Peers urged to protect children from dangerous and cruel Illegal Migration Bill

Alongside other children’s rights and social work organisations, Article 39 is urging Peers to reject clauses in the Illegal Migration Bill which give the Home Office unprecedented powers to take desperately vulnerable children out of the child welfare system.

The Illegal Migration Bill reaches Report Stage in the House of Lords this afternoon (28 June). A briefing sent to Peers from Article 39, the British Association of Social Workers, The Care Leavers’ Association, Children England, ECPAT UK, Nagalro and Social Workers Without Borders explains that Clauses 15 and 16:

  • Radically reshape England’s child welfare system. This is the first time a central government department is to be legally empowered to take responsibility for highly vulnerable children who are without parental care and for whom local authorities have clear statutory duties to care for, protect and support – as children, and in the future as (adult) care leavers. 
  • Are ill-conceived and discriminatory in principle. They give the Home Secretary wide powers to house unaccompanied children of any age in any type of accommodation for any length of time, and to direct that a local authority stops looking after an individual child – irrespective, it appears, of the child’s needs, characteristics, past experiences and legal status (children who are the subject of care orders are not excluded from Clause 16). The Clauses legitimate and potentially make lawful arrangements that hundreds of non-governmental organisations have for nearly two years contended are unlawful. 
  • Seek to effectively remove unaccompanied children from the child welfare statutory scheme. Ministers have been clear that their intention is to provide or arrange accommodation on a temporary, emergency basis only. However, the Bill provides no such limitations. Further, there has been ample time – at least two years – for government to undertake a public consultation on these radical measures. There have been no Green or White Papers. A government-commissioned “once-in-a-generation” review of children’s social care, including the children’s care system, concluded in May 2022. It neither asked for views on the Home Office accommodating unaccompanied children, and being able to direct local authorities to cease looking after a child, nor made any recommendations to this effect.

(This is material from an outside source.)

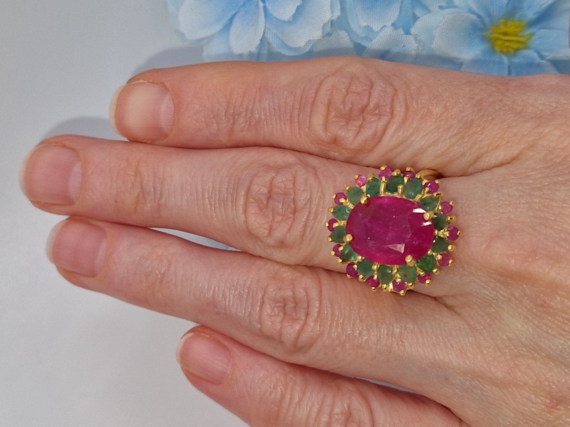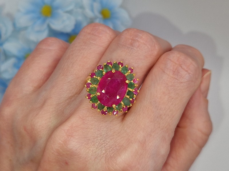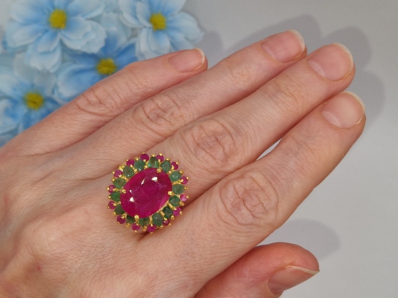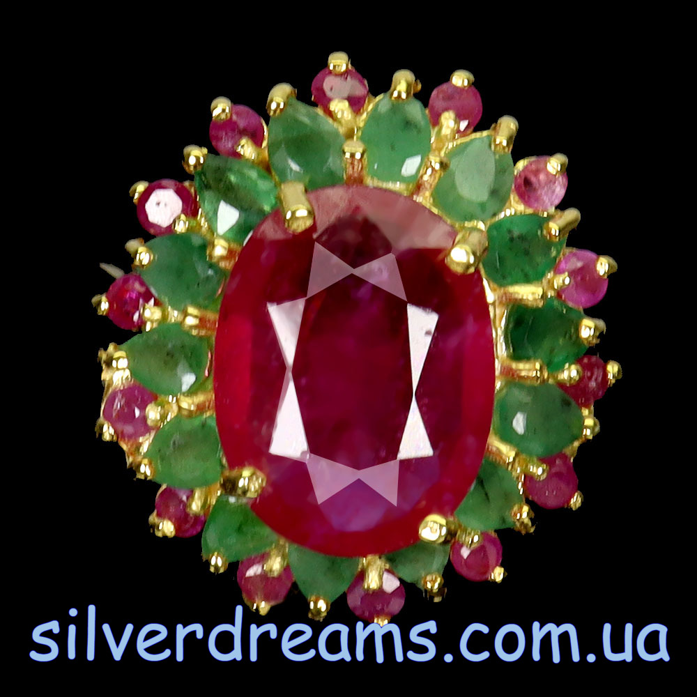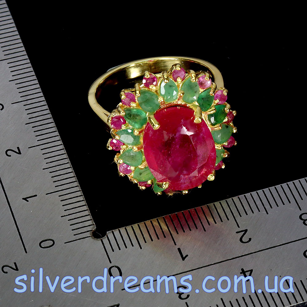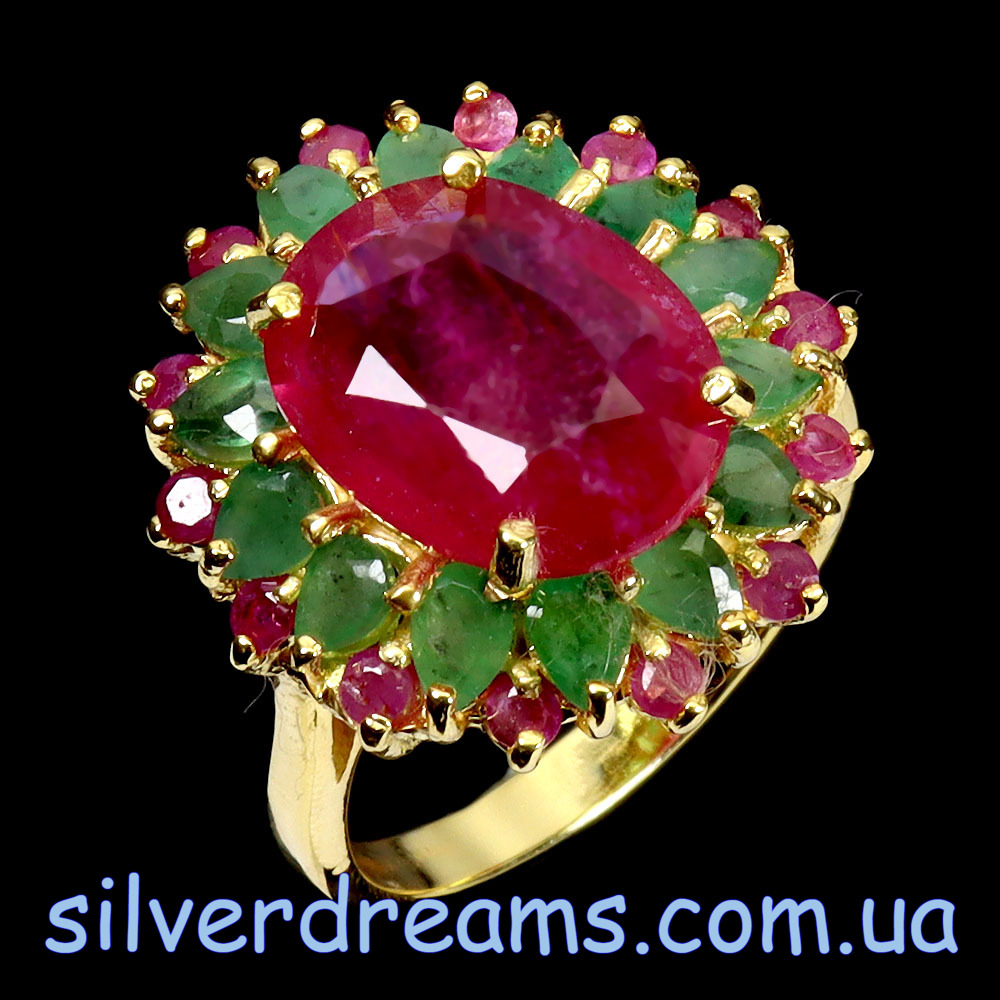 Роскошное статусное кольцо из серебра 925 пробы, покрытого лимонным золотом, с крупным натуральным рубином в обрамлении природных изумрудов и рубинов.

Read our joint briefing on Clauses 15 and 16 here.

Separately, as a member of the Refugee and Migrant Children’s Consortium, Article 39 condemns regressive provisions in the Illegal Migration Bill which empower government to lock up children who have sought sanctuary in the UK. Given extensive evidence of serious harms suffered by children in immigration detention, we consider its reintroduction to be a wilful act of child cruelty.

Article 39 has also joined nearly 60 non-governmental organisations in urging Peers to remove Clause 1 of the Bill, replacing it with an amendment affirming that the UK will honour its human rights obligations, including under the Refugee Convention and the United Nations Convention on the Rights of the Child. Fundamentally, however, we believe the Bill should be scrapped altogether.